Grouping things with AWK
By Bob Mesibov, published 22/01/2015 in Tutorials
In this article I explain one way to group data items with AWK arrays. The code is a little mysterious but the results are impressive, especially in my second example!
Case 1: Cricket stats
The table 'runs' is tab-separated and lists the 86 national team cricket players who scored (or have so far scored) at least 5000 runs in their careers, together with their countries and their runs totals, in descending order. Here are the first 10 lines of the table:
What I'd like from this table is the results organised by country and player, like this:
and here's the code that does it:
awk -F"\t" 'NR>1 {a[$2]=a[$2] ? a[$2]", "$1" ("$3")" : $1" ("$3")"} END {for (i in a) {print i": "a[i]}}' runs | sort | sed G
Like I said, the code's a little mysterious — until you examine it piece by piece, to see how it's built.
How an AWK array works
An AWK array is a set of index-value pairs. For every unique index item, there's an associated value. Both the index and the value can be plain, ordinary strings.
For example, I can build an AWK array where the index item comes from the country field in the runs table (second field, $2). All I have to do is give AWK a name for the array and tell it where to find the index. If I name the array 'a', AWK will build a 'countries' array when I declare 'a[$2]'. In the following command, I first tell AWK with -F"\t" that the runs table has fields separated by the tab character, \t. I then get AWK to build an array from the country field with {a[$2]}. I can see what's in the array with an 'END' statement that tells AWK: After you finish building the array 'a', go through it index item by index item ('for (i in a)') and print each one.:
Two things to note here. The first is that AWK has included the header-line entry ('Country') as an index item. I can get AWK to ignore the header line, which in AWK-speak is record number 1 (NR is 1), by including the condition 'NR>1' when the array is built:
The next thing to note is that the array doesn't contain the countries in alphabetical order, or for that matter in the order they appear in the runs table (see first illustration above). AWK arrays aren't ordered. To put the countries in alphabetical order, I can pipe the output to sort:
I can also tell AWK to print the value associated with each index item, like this:
Why did nothing happen? Because I haven't told AWK how to get a value for each index! OK, I'll tell AWK to get the value from field 3, the runs numbers, and to increment these, with a[$2]+=$3. In other words, AWK will add up the runs numbers for each country as it goes through the table:
Nicely done, but a pretty meaningless statistic. I could add an explanation to that print command in the END statement with print "Batters from "i" totalled "a[i]" runs in the runs table", but that's really just showing off AWK's 'print' command:
Tweaking the array
What I actually want for each index item (each country) is the batter's name (field 1, $1) followed by a whitespace and the career runs total (field 3, $3) in brackets. To do that I could tell AWK that items in the array a[$2] will have the value $1" ("$3")", and I can make the output clearer by getting AWK to print [country]: [batter] (runs)]

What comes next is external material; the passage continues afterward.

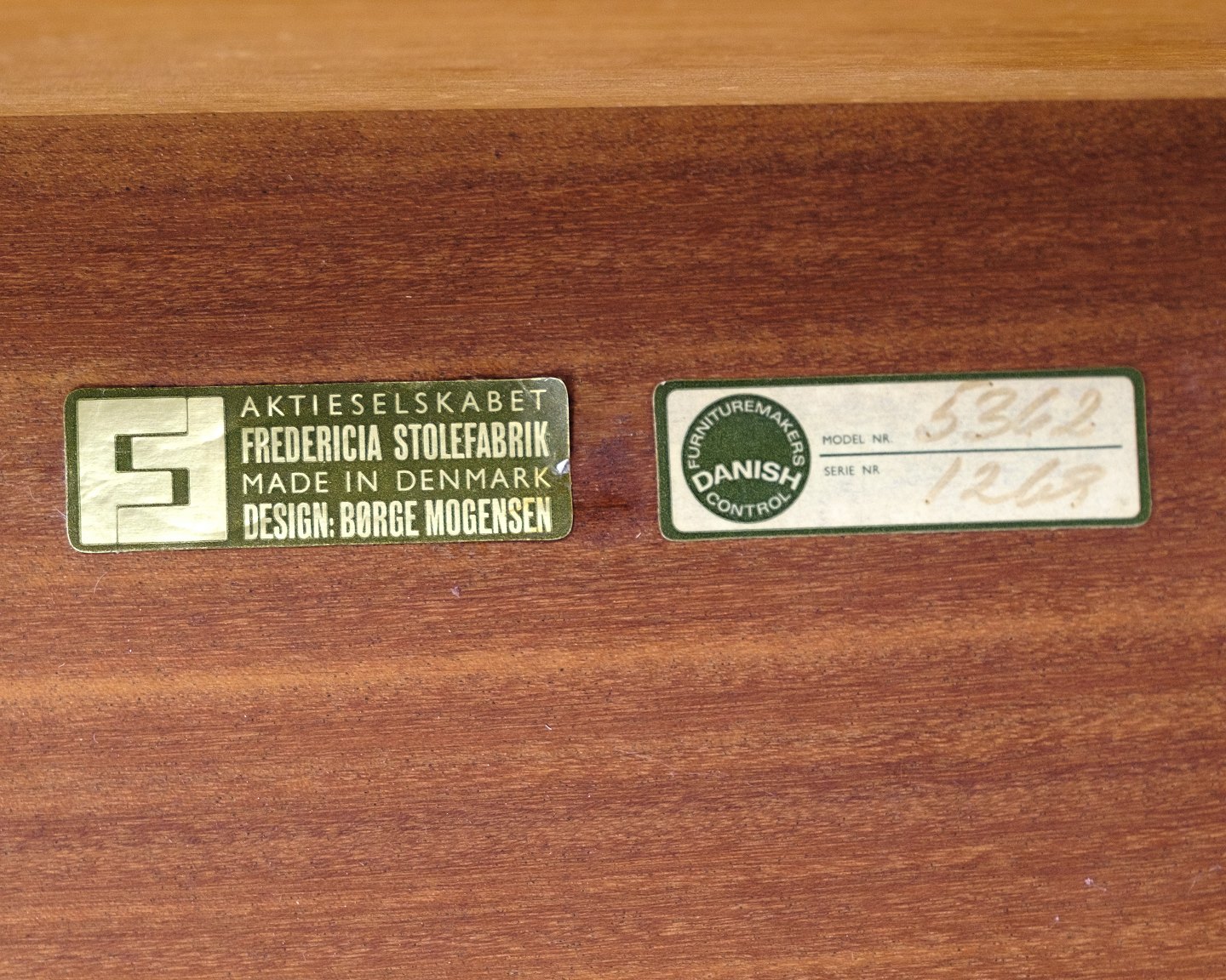 Dette sofabord i mahogni / valnød er model 5362, designet af den berømte danske møbeldesigner Børge Mogensen og fremstillet af Frederica Furniture.

Well, that sort of worked. But what I got was only the last player for each country in the runs table, with that last player's career total. I need clearer instructions for AWK, of this kind: As you go through the runs table, if you haven't seen that country before, add it to the index list in the array and assign to it the value $1" ("$3")". If you already have that country in the array, then to the value of that index item add the value you have so far, plus a comma and a whitespace, plus the $1" ("$3")" for the new record, or in other words a[$2]", "$1" ("$3")".
This 'if/else' statement is neatly abbreviated with ternary operator syntax, which looks like this:
[condition to be tested for] ? [if condition met, do this] : [if condition not met, do this]
In this particular case, the if/else statement will say:
a[$2]=a[$2] ? a[$2]", "$1" ("$3")" : $1" ("$3")"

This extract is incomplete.